# Terrible mishandle...



## VarangianGuard (Apr 21, 2009)

So I just dropped my Fire on the ground when trying to scoot it off my desk.  It is in a great Marware case, but the right corner cracked across the screen.  It must be on the inside, because the gorilla glass is still smooth.  To make matters worse, the touch screen is now completely unresponsive.

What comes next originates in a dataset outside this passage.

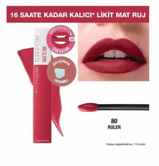 | Etiketler | Maybelline New York Likit Mat Ruj - SuperStay Matte Ink Liquid Lipstick 80 Ruler |

I have tried rebooting & plugging it in the computer with no luck at all.  Any suggestions or did I just break the best Christmas gift ever?


----------



## Betsy the Quilter (Oct 27, 2008)

It doesn't sound like you have the accidental damage warranty? I suggest you call Kindle CS and ask for mercy...they may give you a break on a replacement. (Kindle CS: Amazon US customers inside the US: 1-866-321-8851, outside the US: 1-206-266-0927. Other customers, see here. )

Betsy


----------



## sunfiregirl (Mar 10, 2010)

Definitely contact Kindle CS as Betsy said  I had a problem w/my Touch that I just got at Christmas...and they sent me a replacement free..even did overnight shipping for free..I just had to tell them the one I had just wasn't working anymore...no questions asked... they just sent the replacement..I'm sure they will do the same for you since you got it around the same time 

Good luck!


----------